Kazza A wonderful blog, Devon. I lived pre HIV/AIDS, then through the darkest time and came out the other side. I lost a friend in the beginning who was not a promiscuous man (not laying judgement one way or the other there) but his new partner had it and they had unprotected sex - this was all new then. The infection rate for men between 18 and 25 now is steadily increasing but it doesn't have to if people get tested and are careful.

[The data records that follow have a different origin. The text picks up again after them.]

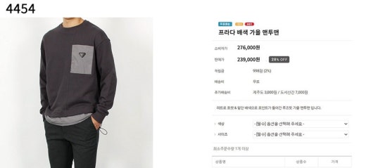 프라다 배색 가을 맨투맨 남성용(2컬러)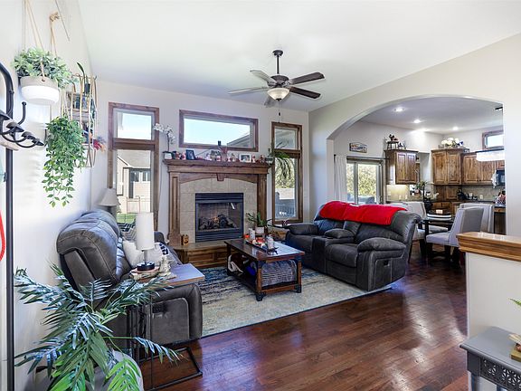 Are you looking for small town living while still being close to the city? This home is for you! This ranch style home on a quiet cul-de-sac boasts 5 bedrooms and 3.5 bathrooms. Upon entering the home, you will see lots of natural light, gas fireplace, and an open floor plan with wood flooring throughout the living room, dining and kitchen. The kitchen is lined with custom cabinets , granite countertops and a large island with extra casual eating space along with walk in pantry for tons of storage. Off the kitchen is both main floor laundry and a covered deck with easy access to the backyard. On the main floor you will also find three bedrooms including the large primary bedroom with an attached on suite bathroom and large walk-in closet. As you walk down to the basement you are welcomed with a large rec room with view out windows and wet bar. There is plenty of space for your family to spread out with an additional two bedrooms, bathroom and large unfinished storage room. The double bay garage is oversized and the third bay has been converted to a mancave/game room. It features a bar, cooling/heating unit, tile floor and a separate bathroom. This area is ideal for a workshop, hobby room, home office or can be easily converted back to garage use. No need to worry about extra storage for lawn equipment, recreational items and tools, the sellers have built a large 12x16 outdoor shed for easy access in the backyard.
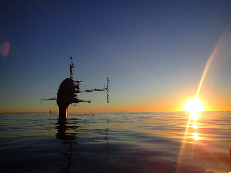 In October 2017, with a freshly minted Ph.D. in applied marine physics, I spent about 35 days aboard FLIP, and it definitely made a lasting impression on me as well. I was aboard as part of the science team for the U.S. Navy–funded Coupled Air-Sea Processes and Electromagnetic ducting Research (CASPER) program, which involved an interdisciplinary and international cohort of scientists from several academic universities and federal research laboratories. The scientific goal of CASPER was to better understand how the atmosphere and the ocean interact, as well as how this atmosphere-ocean coupling affects electromagnetic energy traveling in the marine environment. The CASPER science team had conducted a field campaign offshore North Carolina in 2015 and then commissioned FLIP for its West Coast campaign during fall 2017.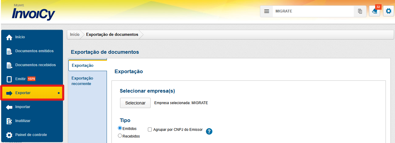 Esta tela exibe duas abas para realizar a exportação de documentos, sendo estas a "Exportação" e a "Exportação Recorrente".
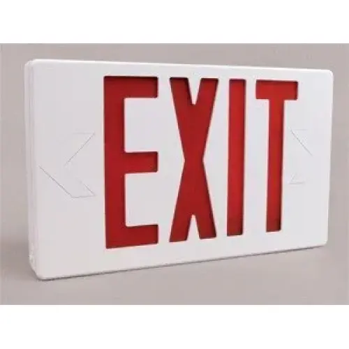 This LED exit sign is a double faced sign with a white housing and red letters. It is ideal for use in retail, office, institutional, hospitality, and other commercial situations. The energy-saving LED design is simple and hassle-free, and will help you provide the exit strategy you desire for years to come. The housing is constructed of injection-molded, V-O flame retardant thermoplastic material, and comes standard with a universal mounting canopy for side or top installation. The LED lamps consume less than 4 watts of electricity, and will last 25 years or more! The battery backup consists of a Nickel-Cadmium (NiCad) system that charges during normal operation. When a power failure occurs, the electronic circuit on this LED exit sign senses this and automatically switches to battery power for up to 90 minutes of uninterrupted service! Once power is restored, the unit switches back to normal operation. A "push-to-test" feature allows you to check for proper operation of this feature. This LED exit sign requires a 120-volt electrical connection. It is UL Listed for damp locations, and backed by a 5-year limited warranty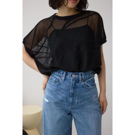 ■スカシガラドルマンニット■ポイントレース風のフェミニンさとゆったりシルエットのカジュアル感がポイントです。人気のライン柄ジャガードは甘くなりすぎず、大人のレース柄風に仕上げています。■ディティール12ゲージのライン柄メッシュダブルジャガードで軽く仕上げています。ルーズシルエットなので中に合わせるアイテムによりドルマンプルオーバーとしてもルーズシルエットベストしても着用可能です。コーディネートの幅が広く、下に重ねるアイテムにより、初夏□初秋まで長い期間着用可能です。■スタイリング裾リブを長くとっているので、着用時の丈アレンジがしやすくなっています。ベーシックなデニムをはじめ、きれいめなフレアパンツやスラックスパンツなど 、ワイドシルエットから細身のシルエットまで様々なテイストのボトムスとの相性も抜群です。■生地強撚綿糸で清涼感があリます。極細90番のポリエステル糸をプレーティングしてトレンドのシアー感と編柄の安定感を出しています。透け感:あり裏 地:なし伸縮性:あり光沢感:あり[注意事項]※画像の商品はサンプルです。実際の商品と仕様、加工が若干異なる場合があります。※画像の商品は光の照射や角度、お使いのモニター環境により、実物と色味が異なる場合がございます。※着用、お取り扱いの際は、アテンションタグをご確認ください。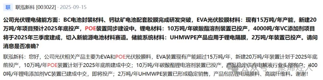最新消息:10月29日,在投资者互动平台答投资者问时表示,公司在国内率先开发出EVA光伏胶膜料,目前同时布局EVA与POE两大主流光伏胶膜料产品,品牌认可度高,处于行业领先地位。年底相关项目投产后,公司EVA产能达35万吨/年,POE产能达10万吨/年。10月31日,在投资者互动平台答投资者问时,表示公司POE项目进展顺利,中试产品已通过部分下游客户验证。公司有信心把装置运行好,产品质量和性能达到行业优秀水平。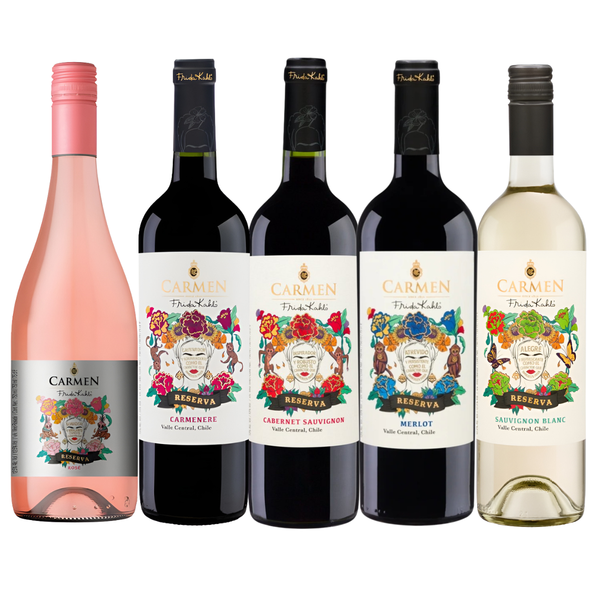 O Kit 5 Vinhos Carmen Frida Kahlo é uma homenagem à força, autenticidade e sensibilidade da icônica artista mexicana Frida Kahlo. Produzidos pela tradicional Vinícola Carmen, a mais antiga do Chile, esses rótulos unem arte, história e sabor em uma coleção única. Cada garrafa reflete um aspecto da personalidade de Frida, combinando elegância, intensidade e expressão em vinhos equilibrados e acessíveis, perfeitos para degustar, presentear ou colecionar.

Your story of getting tested reminds me of my own. I WAS promiscuous and I had to go and have several tests over a year because it was more complex then. I'll tell you it wasn't nice in the 80's to say you were there to have an HIV test. But I can't stress the importance of knowing your status and being proactive no matter the results. Thanks for the article and making people think. And, people, be kind and supportive to others.


message 2: by Devon (new)

Devon McCormack Hey Kazza,

It really blows my mind when I find people in that 18-25 bracket who aren't actively getting tested. We know way too much for people to still be running around, acting like we still aren't in the middle of an epidemic. It's sad, but I find that a lot of gay men that I encounter have this notion of an HIV+ person. They'll say things like, "I've never hooked up with anyone who looked like they were positive, so I don't need to get tested." Statements like that just spew ignorance. It's as if these guys believe that there is an HIV type and that they are somehow magically gifted with HIV-dar.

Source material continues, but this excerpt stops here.